It's interesting to me that I was able, without hesitation, to reserve a copy of "The Hurt Locker" the fantastic new film written by journalist Mark Boal and directed by Kathryn Bigelow. Not a pause in the brain, I simply shouted “Yes!” when my partner suggested we rent it.

And yet, fifteen seconds of the trailer for the film "Precious" and I found my whole soul refusing, every time: “I cannot see that, I cannot see that movie. I know it is good, I know the actors are amazing, but no, no, no. It may well finish me off.”

And what does that say, then? I can watch a war movie but I can’t stomach a movie about the battlefield that is being a young woman in an abusive kingdom where few allies exist? I guess I can tell myself the soldiers chose the life we see them living, sort of, whereas the girls and women never do. should chomp on a cigar and get a bigger desk.

But it’s also not that simple, because when I watched "The Hurt Locker" I thought I was going to implode from grief and sorrow and empathy.
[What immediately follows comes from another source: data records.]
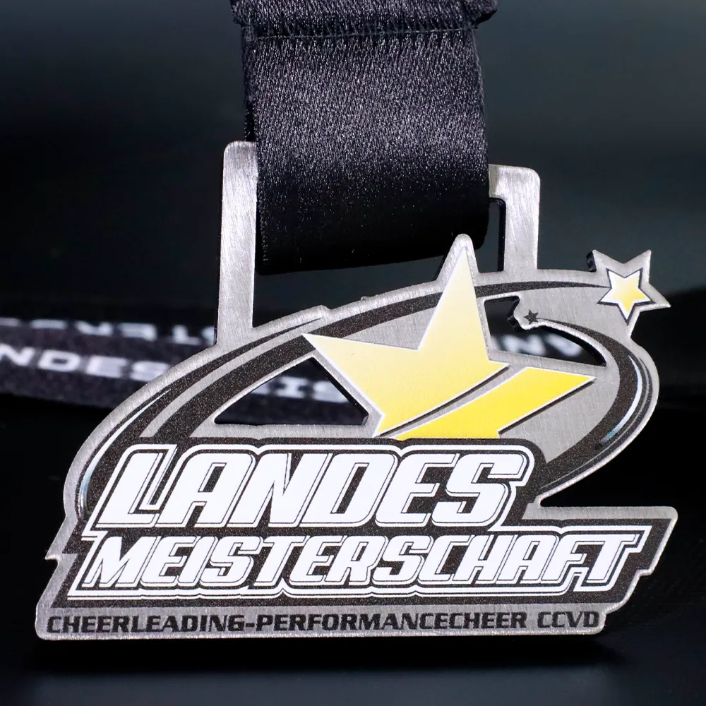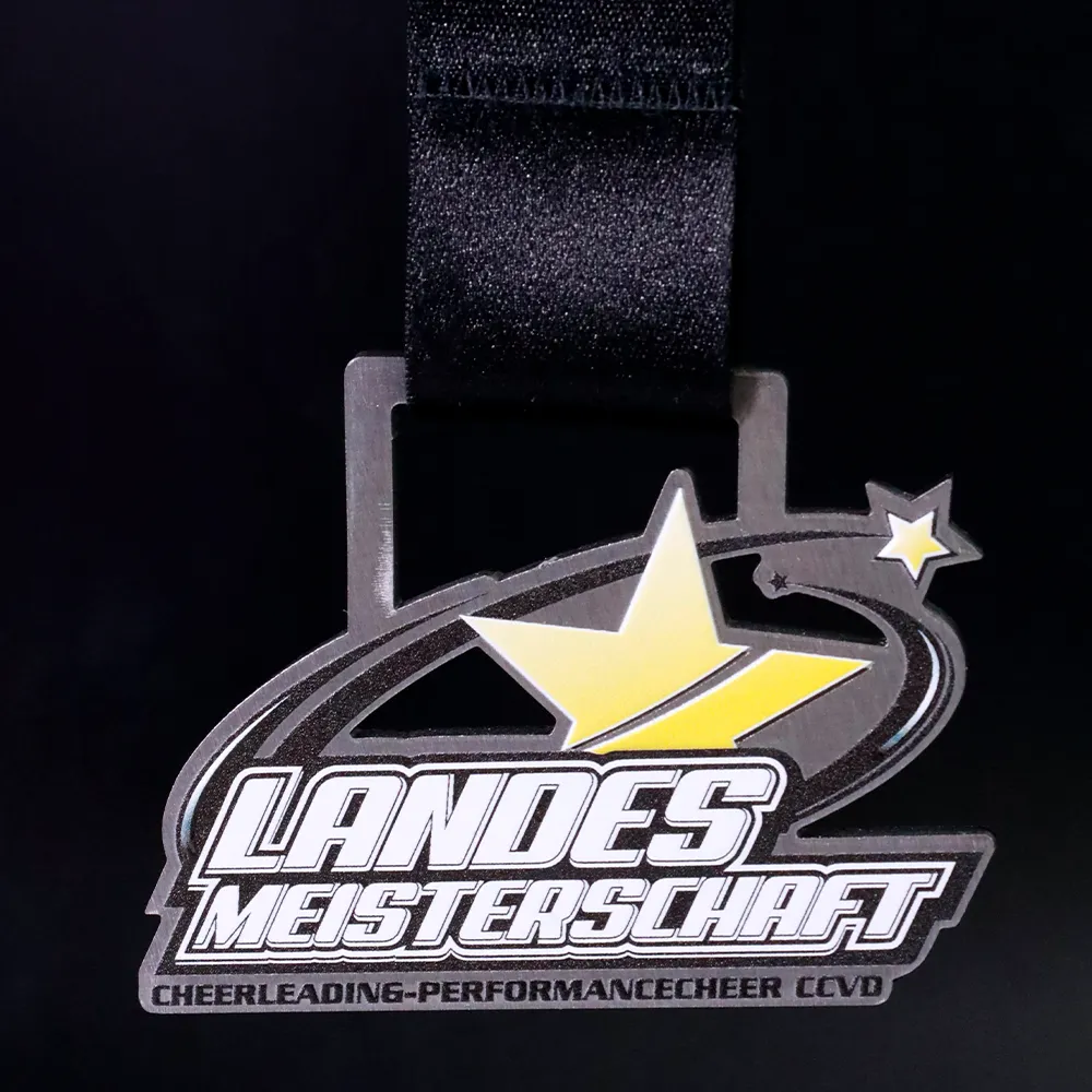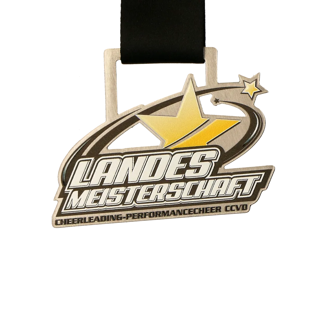 Custom cheerleading competition medal for the Landes Meisterschaft. The front of the medal features decorations and the event name in UV print.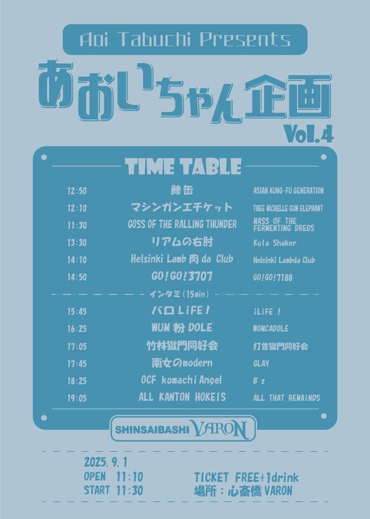 心斎橋 VARON(ヴァロン) スケジュール 2025.9.01(Mon) あおいちゃん企画 vol.4 [ACT] 鯵缶 / マシンガンエチケット / GOSS OF THE RALLING THUNDER / リアムの右肘 / BAKARABBITS / GO!GO!3707 / バロLiFE!/ WUM粉DOLE / 竹林獄門同好会 / 南女のmodern / OCF komachiAngel / ALL KANTON HOKEIS [OPEN/START] 11:10/11:30 [料金] FREE(+1D¥700) (問)心斎橋VARON 06-6243-1400 / info@osaka-varon.jp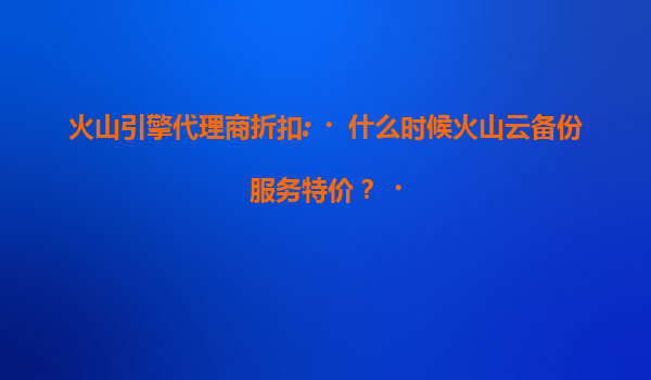 2025-07-18火山引擎代理商折扣:火山云备份服务特价活动解析与优势解读 一、火山云备份服务特价活动时间预测 火山引擎作为字节跳动旗下的云计算服务平台,其代理商折扣和特价活动通常遵循以下规律: 年度大促节点...
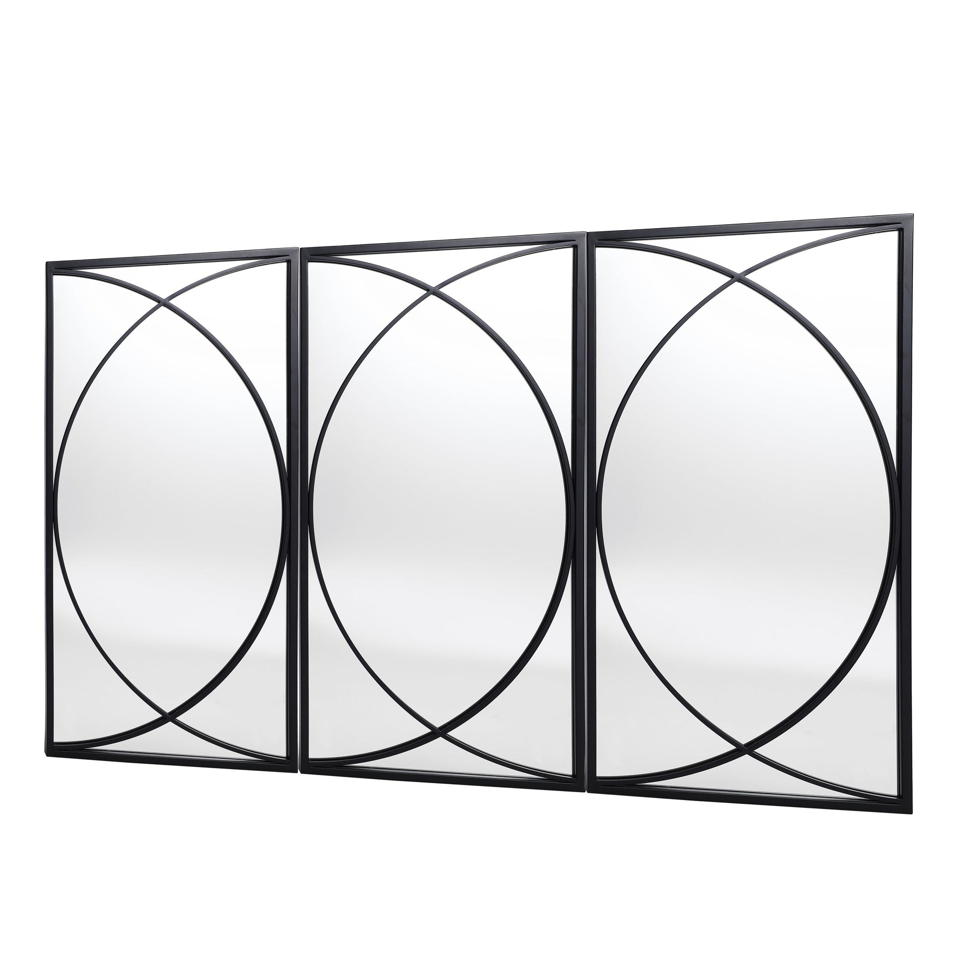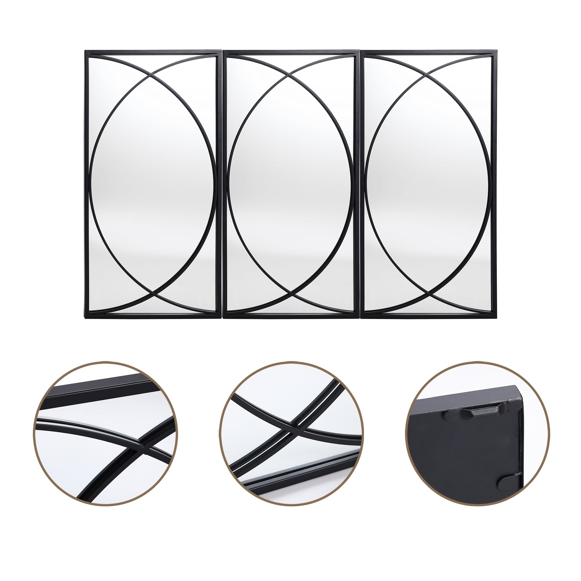 3-Piece Black Metal Rectangular Wall Mirror Set -...
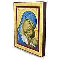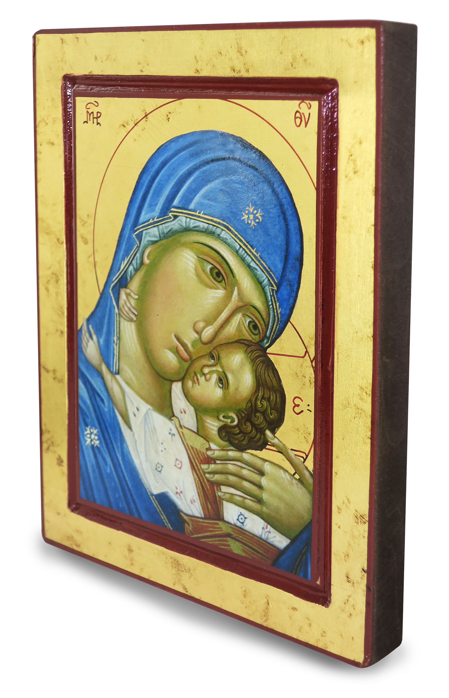 Icona da parete, di forma rettangolare, che raffigura il dettaglio del Volto della Vergine della Tenerezza. L'immagine è una fine litografia di una Madonna con Bambino, incollata su legno e rifinita con foglia d'oro, mentre le aureole, le scritte e i bordi sono realizzati a mano. Il contorno interno, incassato, divide la rappresentazione centrale dal bordo esterno, facendo sembrare quest'ultimo una cornice. Il gancio sul retro consente di appendere l'icona al muro.

It is without a doubt one of the best movies about useless war I have ever seen. The war “we” are currently engaged in---thank goodness there is no comparing it to Vietnam, what with the endless years of it, the all-around waste and pointlessness of it. The only difference, as Boal and Bigelow show so powerfully, is that this war is a war of bombs, not firefights and Claymore mines. This is drones and IEDs and worse. Leave it to mankind: I am sure with all our talent and brains, we will come up with worse any day now. It seems to be our passion.

I am clenching myself into readiness to see "Precious," if only because as a woman, I really cannot NOT see it. So while the boys clap through Avatar, I’ll brave a movie I really ought to watch at home when it comes out on DVD. Fellow movie-goers, I apologize in advance.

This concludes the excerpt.